# [Task prompt]
The exact lines of the listing, from its first through the line that contains "深圳纯锡坊正品 节节高升茶叶罐 纯锡茶具礼品 教师礼品创意新奇", are to make up the answer, and pictures are to be left out.

◇ ◇ ◇

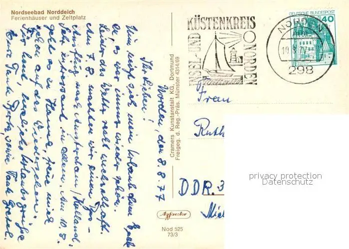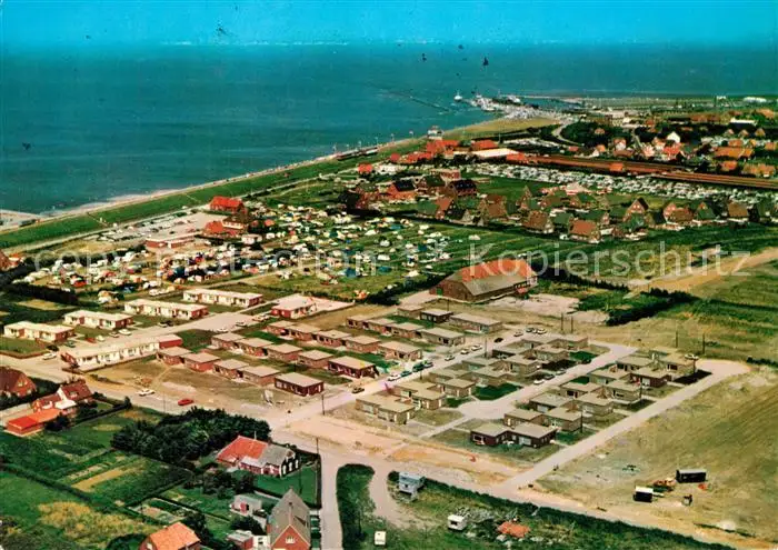 Norddeich Dithmarschen Kategorie Alte Ansichtskarten Postkarten bx62776 Norddeich_Dithmarschen Fliegeraufnahme Ferienhaeuser Zeltplatz Norddeich Dithmarschen postalisch gelaufen 1977 Erhaltung siehe scans [KathaD81]
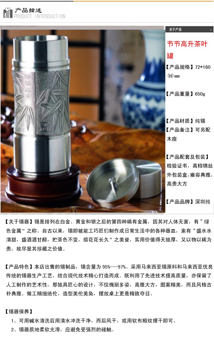 深圳纯锡坊正品 节节高升茶叶罐 纯锡茶具礼品 教师礼品创意新奇
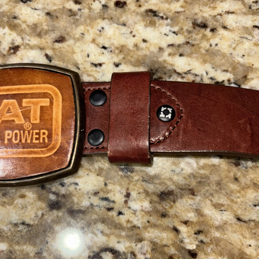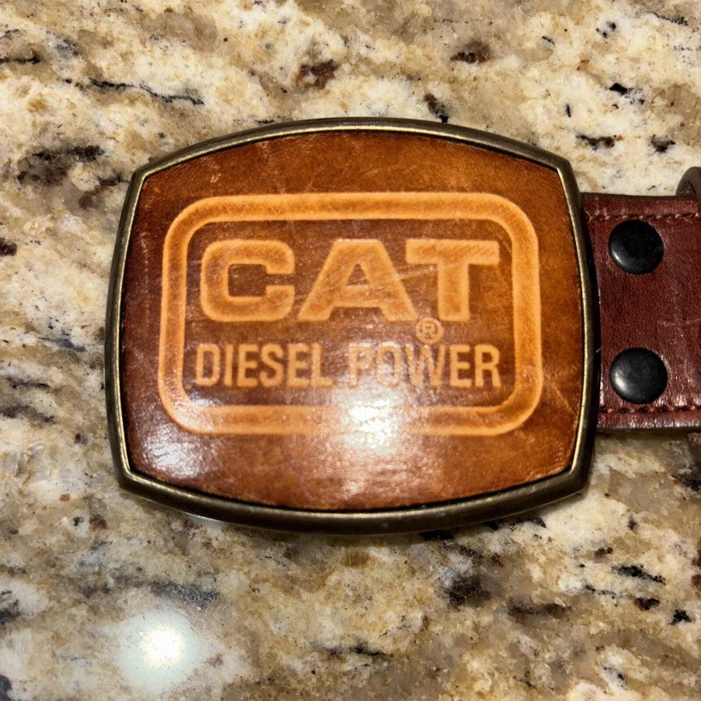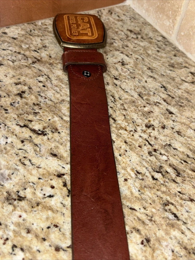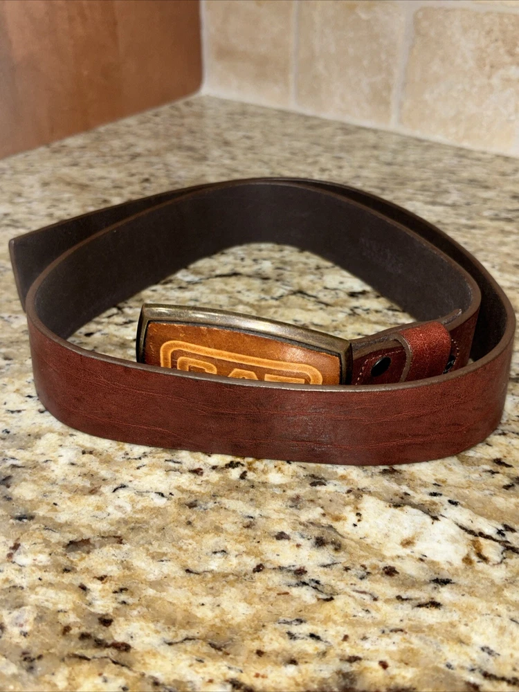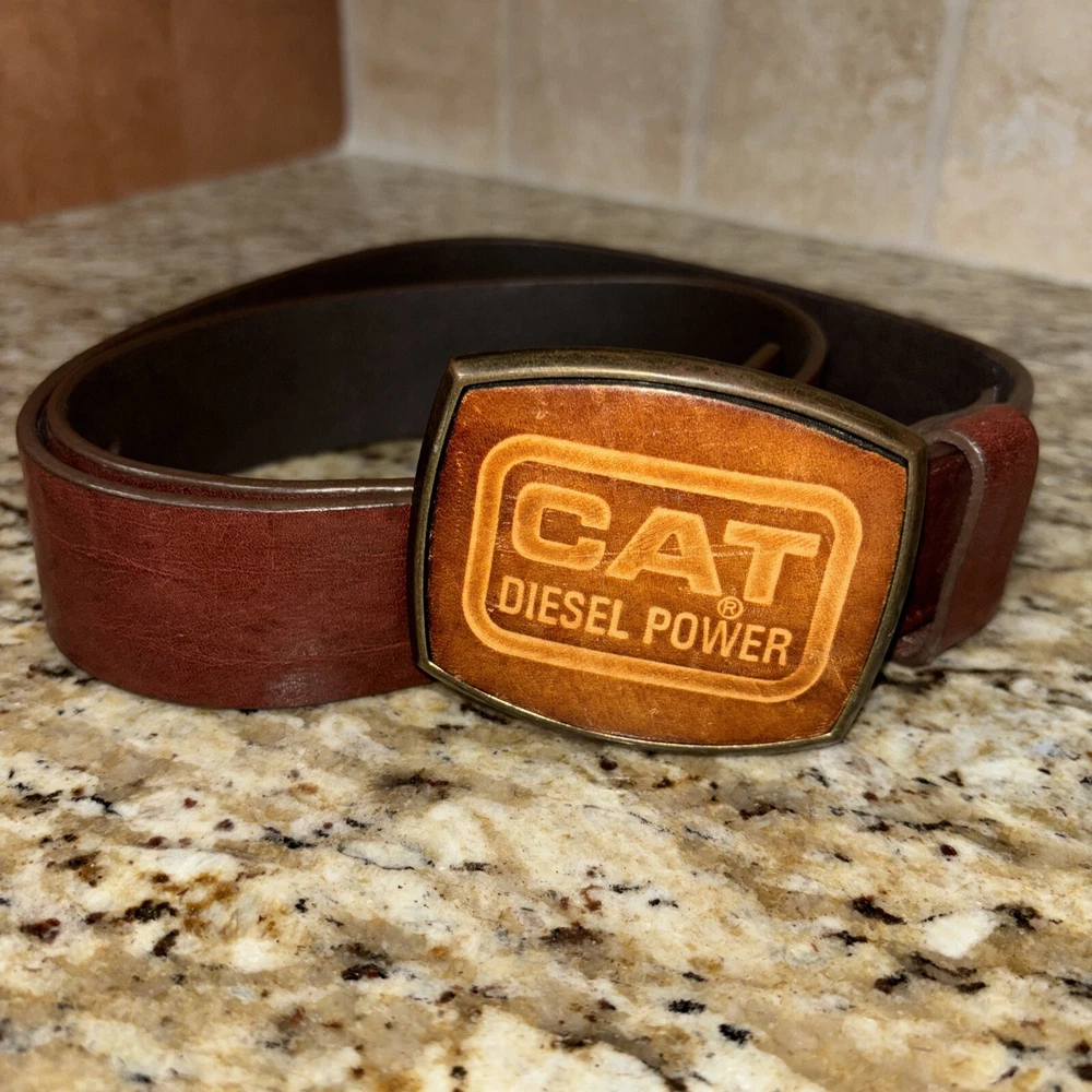 This is a unique Kenneth Cole Reaction leather belt featuring a rugged CAT Diesel Power buckle. Crafted from genuine leather, this belt is marked as a size 36/90 and handcrafted in China. The belt’s quality design and the bold CAT Diesel Power logo on the buckle make it a standout accessory, ideal for CAT enthusiasts or collectors. The leather shows light wear, adding vintage charm. Please refer to the photos for more details on the buckle and belt condition.
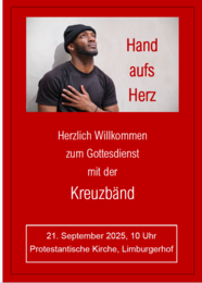 Unter dem Thema "Hand aufs Herz" gestaltet die "Kreuzbänd" am kommenden Sonntag um 10:00 Uhr den Gottesdienst. Die geistlichen Impulse wird Pfarrer Knut Trautwein setzen.
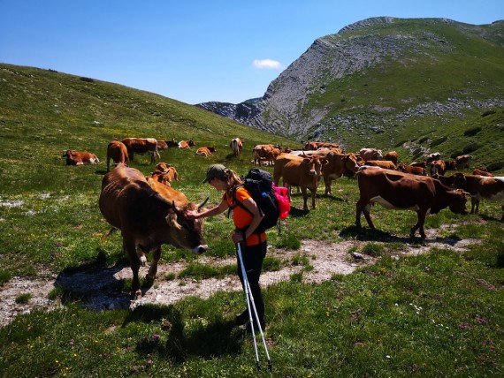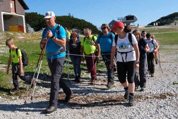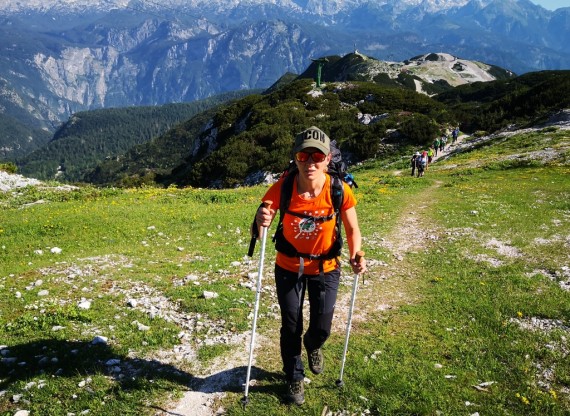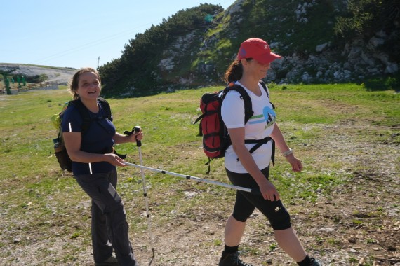 Tina: »Prvič sem na takem pohodu. Dobila sem po mejlu vabilo in mi je bilo všeč. Dosti hodim v hribe in me je včasih strah težjih poti, kako bom speljala, kako ne. Pri spustih nisem sigurna vase. Sem si rekla, da je mogoče tako s celo skupino lažje. Vsak malo pove, kako je kakšna stvar, predvsem me je strah tega navzdol in je lažje s skupno. Da ne delam zastojev. Bilo mi je všeč, bova še šla.«
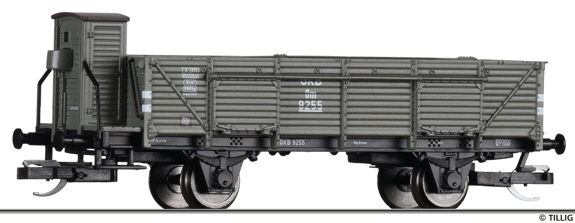 Popis   otevřený nákladní vůz tamvě šedý s brzdařskou budkou
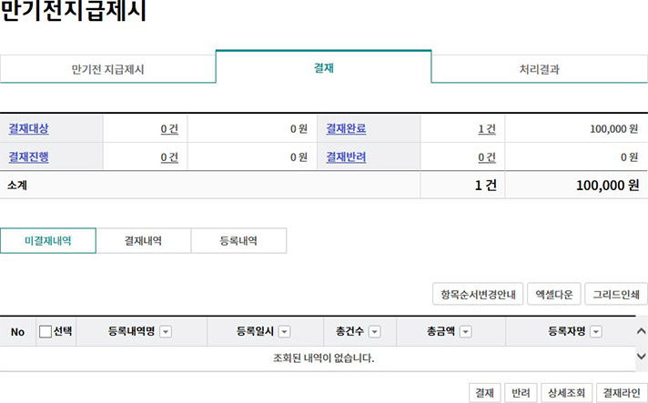 Step 6. 미결재내역, 결재내역, 등록내역 중 원하는 거래를 클릭합니다. (단독사용자 경우 해당사항 없음)
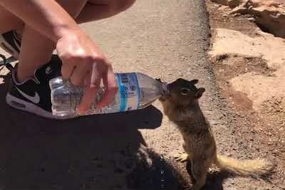 Thirsty Squirrel Drinks Whole Bottle Of Water In The Grand Canyon
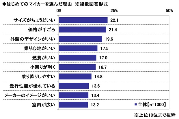 続いて、はじめてのマイカーを選んだ理由を聞いたところ、1位「サイズがちょうどいい」(22.1%)、2位「価格が手ごろ」(21.4%)、3位「外装のデザインがいい」(19.6%)となりました。
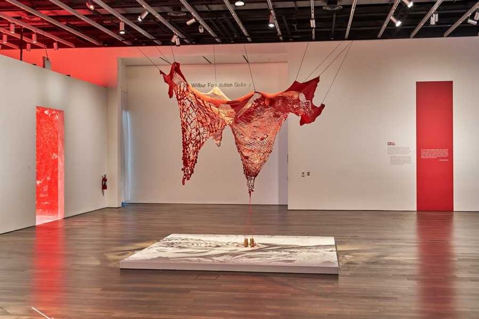 Shiota was born in Osaka in 1972 but has spent most of her adult life in Berlin. It was there that she gave birth to her daughter, there that she lost an unborn child, there that she survived two bouts of ovarian cancer. In the exhibition, she captures those experiences in thread and wire and rope and leather—always in red, a color of significance in many East Asian cultures: Beyond My Body encapsulates the feeling of being physically stuck by illness with an active mind that is still able to disconnect and reach outside; in the Cells series, she imagines the alien entities of the cancerous bodies inside of her.
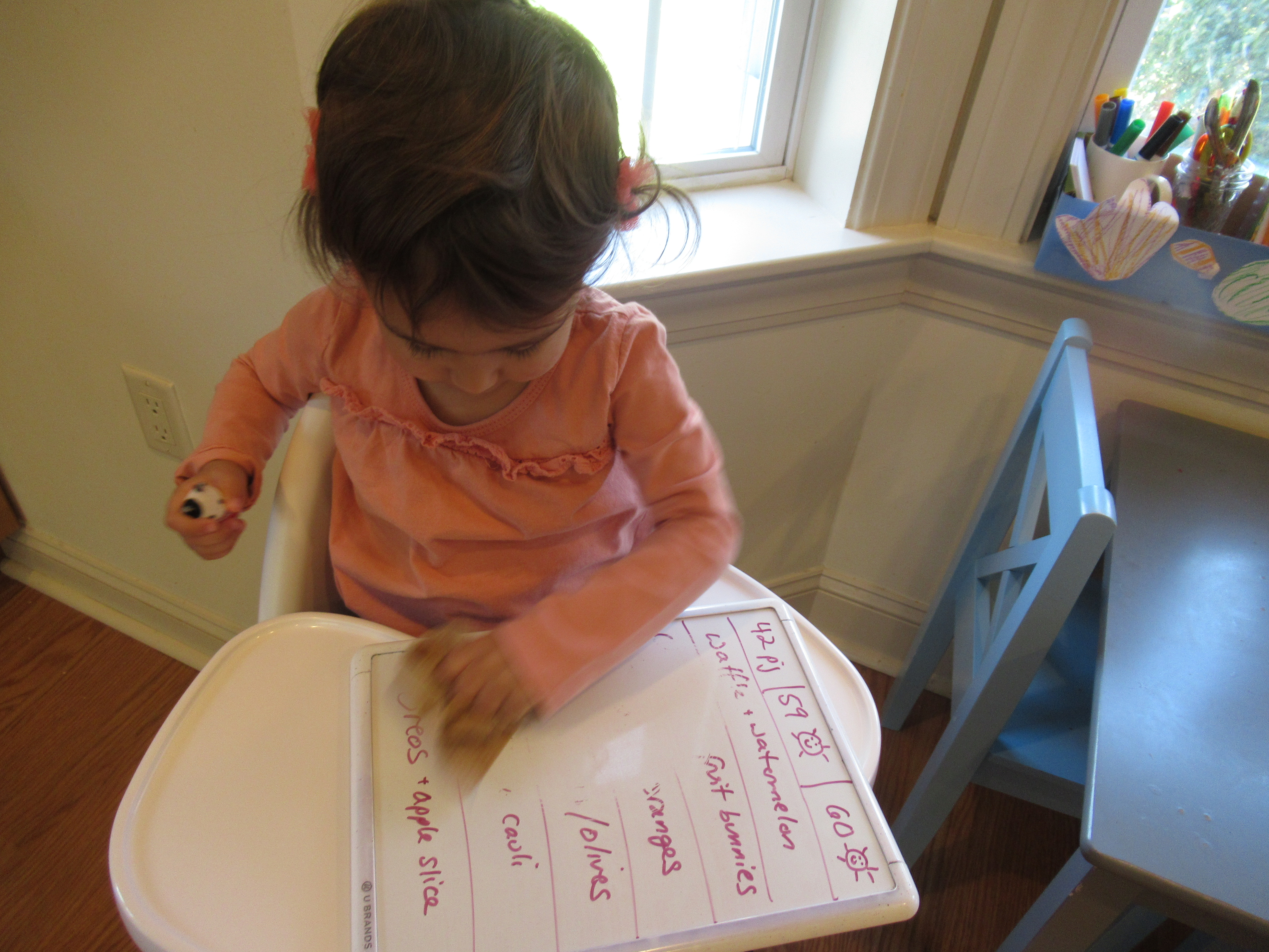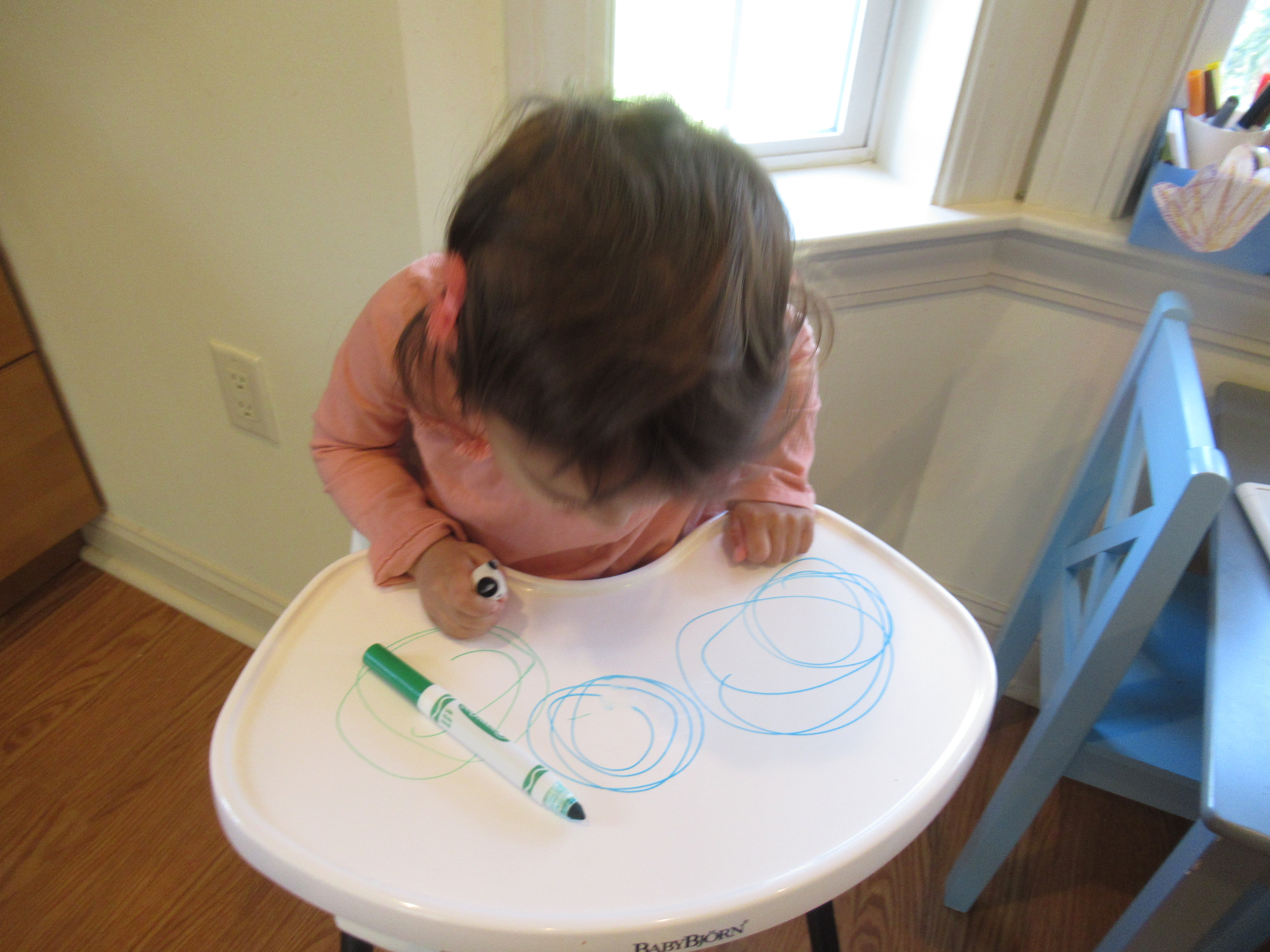 Yup, I let her draw right on that high chair tray! Use washable markers and watch your child’s eyes pop when he or she is allowed to scribble directly on the tray.

◇ ◇ ◇

# [Task answer]
 Norddeich Dithmarschen Kategorie Alte Ansichtskarten Postkarten bx62776 Norddeich_Dithmarschen Fliegeraufnahme Ferienhaeuser Zeltplatz Norddeich Dithmarschen postalisch gelaufen 1977 Erhaltung siehe scans [KathaD81]
 深圳纯锡坊正品 节节高升茶叶罐 纯锡茶具礼品 教师礼品创意新奇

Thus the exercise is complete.